If you’re a power Obsidian user: Switching away from Obsidian means trading plugin extensibility for simplicity. That might be worth it. It might not. Read the Obsidian vs Apple Notes breakdown first — it covers the mental model difference between local-first and cloud-based PKM that applies to this decision too.

If your primary pain is meeting overload: Reflect’s calendar integration helps, but it’s not a dedicated meeting tool. If the core problem is capturing and processing meetings rather than general knowledge management, the best AI meeting note-takers do this job more thoroughly and often more affordably.

If your real problem is time and task management, not notes: PKM tools don’t schedule your day or protect your calendar. If that’s the deeper bottleneck, comparing task scheduling tools like Motion or Reclaim will be more useful than any note-taking comparison.

If you want everything free and feature-rich: There isn’t a tool that does that. Capacities comes closest, but the free tier has limits and the mobile experience isn’t polished yet. Obsidian remains the best fully-free option if you’re willing to manage your own plugin ecosystem.


Reflect vs Capacities 2026: Common Questions

Is Reflect worth $10/month compared to Capacities’ free plan?

For most people, probably — if you’re on Apple devices and will actually use the AI features and calendar integration. The $10 buys you a more polished experience, model choice between GPT-4o and Claude, and end-to-end encryption.
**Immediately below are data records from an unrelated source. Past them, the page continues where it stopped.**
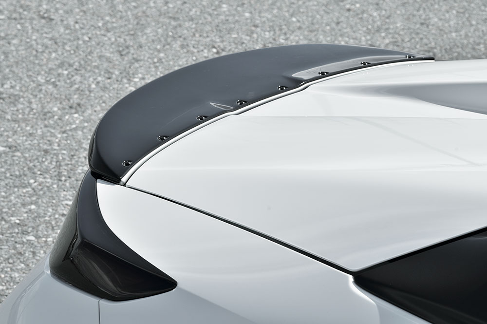 サーキットでの走行性能も維持できるよう設計されている。なお被せて装着するリアウイングはサイド部分にボルトカバー風デザインをあしらうなど、純正に合わせた作り込みが特長です。
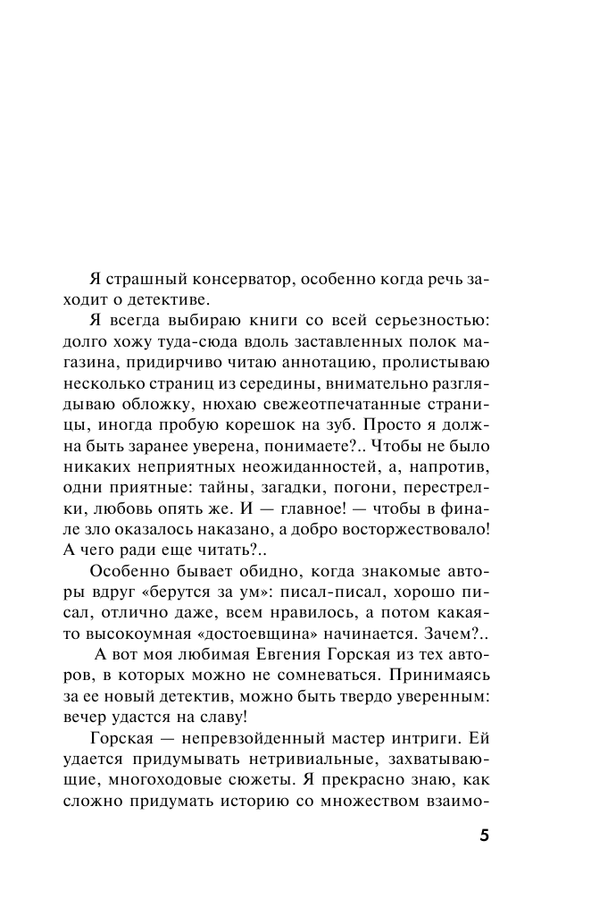 Я с удовольствием читаю детективы Евгении Горской, очень интересно и занимательно пишет автор. Ведь не зря практически каждая книга имеет предисловие, написанное Татьяной Устиновой. Рекомендую к прочтению! -
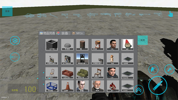 2、丰富物理道具:数百种道具、武器、NPC和载具可供调用,包括重力枪、物理枪等标志性工具。
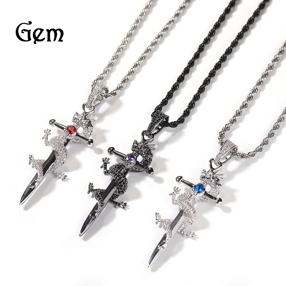 Gu Meng factory direct cross-border hip-hop retro Chinese Dragon cross micro-inlaid zircon pendant rap trend accessories
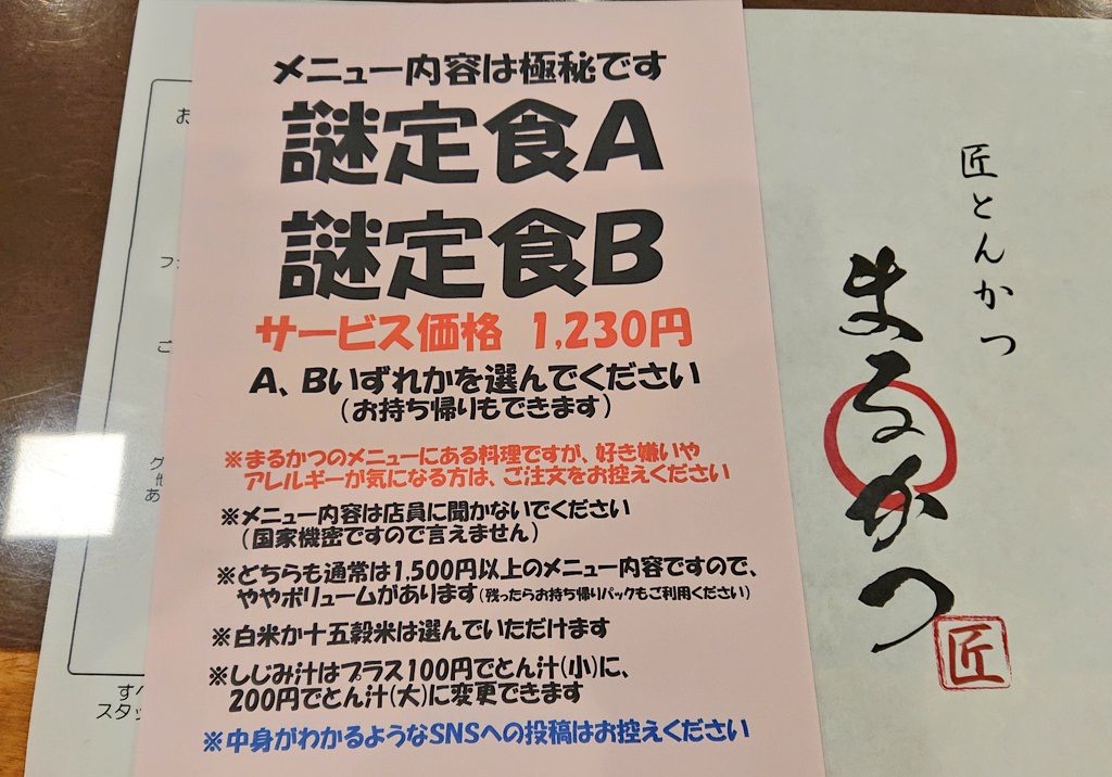 またまた店長の気まぐれ企画の登場です!あなたには「謎定食」をご注文する勇気がありますか?選べるのは、ご覧のようにAかBか、だけです。店長やスタッフに聞いてくださっても内容は国家機密レベルですのでお答えできません。2月6日(木)までの期間限定です!pic.twitter.com/B1C847Q1c4

If you’re not sure you’ll stick with it, start with Capacities’ free tier for 30 days. You’ll know by then whether you want more structure (stay with Capacities) or less (try Reflect’s trial).

What is the main difference between Reflect and Capacities?

The core architecture. Reflect is flat and stream-based — you write daily notes, link freely, and the graph emerges. Capacities is object-based — you define types (Book, Person, Project) and each type has its own template and fields. Same outcome in theory; completely different daily experience. Writers tend to prefer Reflect’s stream. Researchers and project managers tend to prefer Capacities’ structure.

Which is better for building a second brain: Reflect or Capacities?

Depends on what “second brain” means to you. If it’s a networked idea space where you synthesize and connect thoughts over time, Reflect’s backlink model is stronger. If it’s a structured knowledge base organized by type — all your books, all your contacts, all your projects — Capacities’ object model is more natural. Neither is wrong. The original PARA method from Tiago Forte maps more cleanly onto Capacities; the Zettelkasten method maps more cleanly onto Reflect.

Does Capacities have better AI features than Reflect in 2026?

No. Reflect’s AI is stronger, specifically because it lets you choose between GPT-4o and Claude 3.5 Sonnet depending on the task. Capacities has AI, but doesn’t offer model selection and the feature set is less integrated. If AI-assisted writing and synthesis is the primary reason you’re choosing a PKM tool, Reflect wins this category.

Can I migrate from Obsidian or Notion to Reflect or Capacities easily?

Reflect imports Markdown files, so Obsidian migration is reasonably clean — you lose plugin-specific metadata but your note content comes through. Notion export to Markdown is messier, especially if you use databases. Capacities has an import flow that handles Markdown and some Notion exports, but complex relational structures won’t survive the migration. Neither migration is effortless. Budget a few hours for cleanup regardless of which tool you pick.


Stop Reading, Start Writing

Reflect and Capacities are both good. That’s genuinely the conclusion. The choice between them is about philosophy, platform, and price — not about one being objectively better.

Reflect for Apple-native writers who want AI-assisted synthesis and don’t mind paying upfront. Capacities for categorical thinkers who need Windows or Android and want to evaluate without a ticking trial clock.

Pick one today. Commit for 30 days. Your notes from a month in an imperfect tool are worth more than the perfectly-researched choice you still haven’t made.

The best PKM system is the one you’re actually using.